The issues arise from an arbitration being conducted by Mr Sarah who has made a decision to disqualify himself on the basis of bias. Mr Sarah disqualified himself because he had earlier made adverse findings on credit about a witness in another related arbitration. That witness would also be a key witness during the hearing of the current arbitration and hence Mr Sarah’s decision to disqualify himself.
Armour seeks to use s39 of the Act to effectively review the decision of the Arbitrator to disqualify himself. Section 39 says:
“39.(1) Subject to subsection (2) and section 40, on an application to the Supreme Court made by any of the parties to an arbitration agreement –
(a) with the consent of an arbitrator who has entered on the reference or, if an umpire has entered on the reference, with the consent of an umpire;
or
(b) with the consent of all other parties,
the Supreme Court shall have jurisdiction to determine any question of law arising in the course of the arbitration.”

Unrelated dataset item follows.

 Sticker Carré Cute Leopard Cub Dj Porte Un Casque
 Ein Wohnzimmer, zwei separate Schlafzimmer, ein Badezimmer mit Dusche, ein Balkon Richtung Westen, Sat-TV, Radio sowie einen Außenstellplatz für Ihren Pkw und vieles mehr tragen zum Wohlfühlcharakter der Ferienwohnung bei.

This court therefore has jurisdiction only with the consent of the Arbitrator or the consent of all parties. Cox has not consented and argues that neither has the Arbitrator. Armour argues that the Arbitrator has in fact consented even though he has subsequently said in correspondence that he has not consented.
If there is no jurisdiction, because the necessary consents have not been obtained under s39, then Cox should succeed in its application to dismiss the action.

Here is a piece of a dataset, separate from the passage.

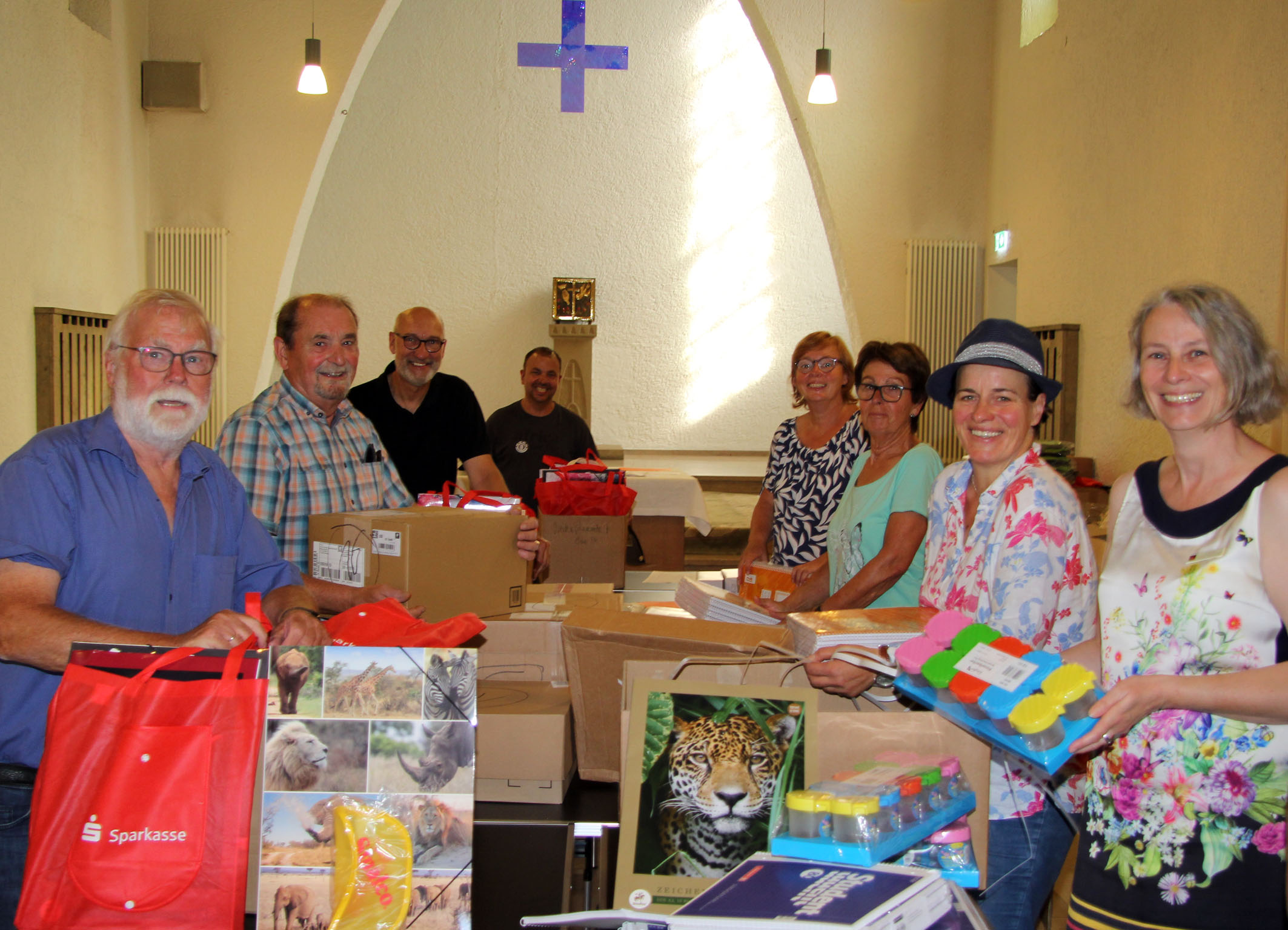 In der Kapelle des ehemaligen Konvikts packen die Ehrenamtlichen der Schulmaterialkammer die Basispakete zum Schulbeginn. Ganz links: Georg Welp, ganz rechts: Andrea Kabs-Schlusen von der Sparkasse am Niederrhein.

There are two letters written by the Arbitrator which are exhibited to affidavits before me, namely, one of 25 November 2004, and one of 1 December 2004, which make it clear that the Arbitrator is not giving his consent.

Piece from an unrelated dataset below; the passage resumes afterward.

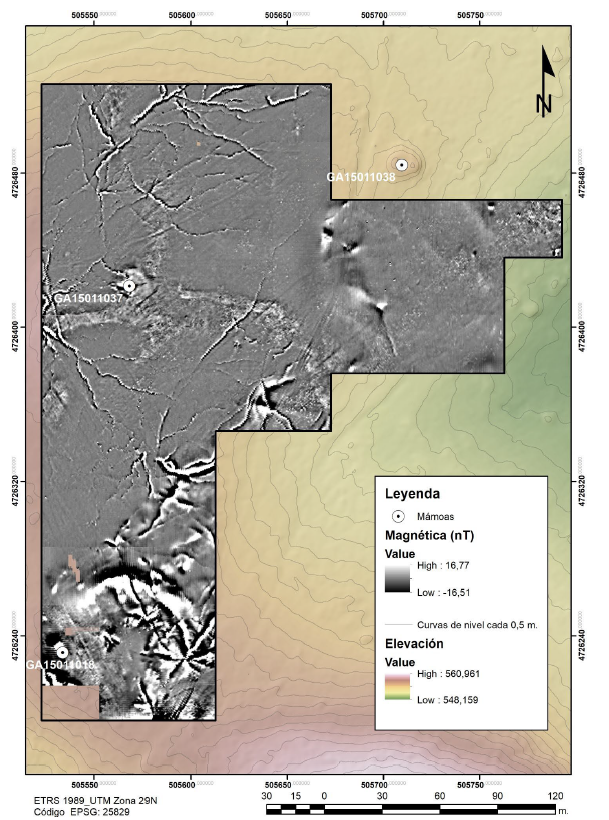 Para la exploración de la zona se empleó un gradiómetro de flujo equipado con dos sensores. Se recurrió a una toma de datos basándose en cuadrículas de 30 × 30 m que cubrieron la gran parte de las zonas de trabajo. En total se plantearon 4 cuadrículas, con una superficie prospectada de 3600 m². En su conjunto los trabajos realizados ofrecieron resultados positivos por lo que respecta a la detección de estructuras enterradas. cabe destacar en este sentido la identificación de varias estructuras relacionadas con el asentamiento roano, y que han hecho posible delimitarlo por su parte Norte.

The Arbitrator says that he had thought at an earlier stage that Armour was intending to appeal to this court against his decision to disqualify himself pursuant to s38 of the Act. That was not correct, however, because it was always the intention of Armour to have determined as a preliminary point the question of whether the Arbitrator was correct in disqualifying himself.
Armour argues that there was a consent which was to be discerned from the correspondence written by it to the Arbitrator, and his response, or lack of it, to that correspondence. It seems to me that the correspondence illustrates that Armour and the Arbitrator were probably at cross-purposes, and in any event the subsequent letters written by the Arbitrator make it quite clear that he is not consenting at the present time.
Cox pointed out, with some justification, that it is hard to envisage that the Arbitrator could consent to Armour’s proposed action because he had never been asked to consent.
Armour also argues that the two letters I have referred to in November and December 2004 were written after the action was commenced, and are irrelevant in deciding whether there was a consent given by the Arbitrator prior to the commencement of the action. I do not agree with this submission. It seems to me that if anybody, including an Arbitrator, is required to give consent to commence an action it must be very precisely spelt out by a specific request for consent and an unequivocal response indicating consent. The matter then could not be open to conjecture. In this case the lack of consent was put beyond any doubt by those two letters written by the Arbitrator.
Armour, in its submission to me, argued that in deciding the question under s39 and the question of whether Cox would be entitled to have the action dismissed, it was relevant to take into account that Armour could attempt in the alternative to bring an appeal pursuant to the provisions of s38 of the Act. In my view, Armour may have problems under s38 in any event. Under s38(2) an appeal only lies to this court “on any question of law arising out of an award.” It is hard to see at this point of time how it could be argued that the decision of an Arbitrator to disqualify himself was a question of law arising out of an award.
However, I think it is unnecessary for me to go into the merits or otherwise of any such proposal because the matter should be decided on the s39 issue. On that issue I find that the Arbitrator has not consented, and that the court is without jurisdiction. Consequently Cox is entitled to have the action dismissed.
I order therefore that Action No 1198 of 2004 be dismissed for want of jurisdiction.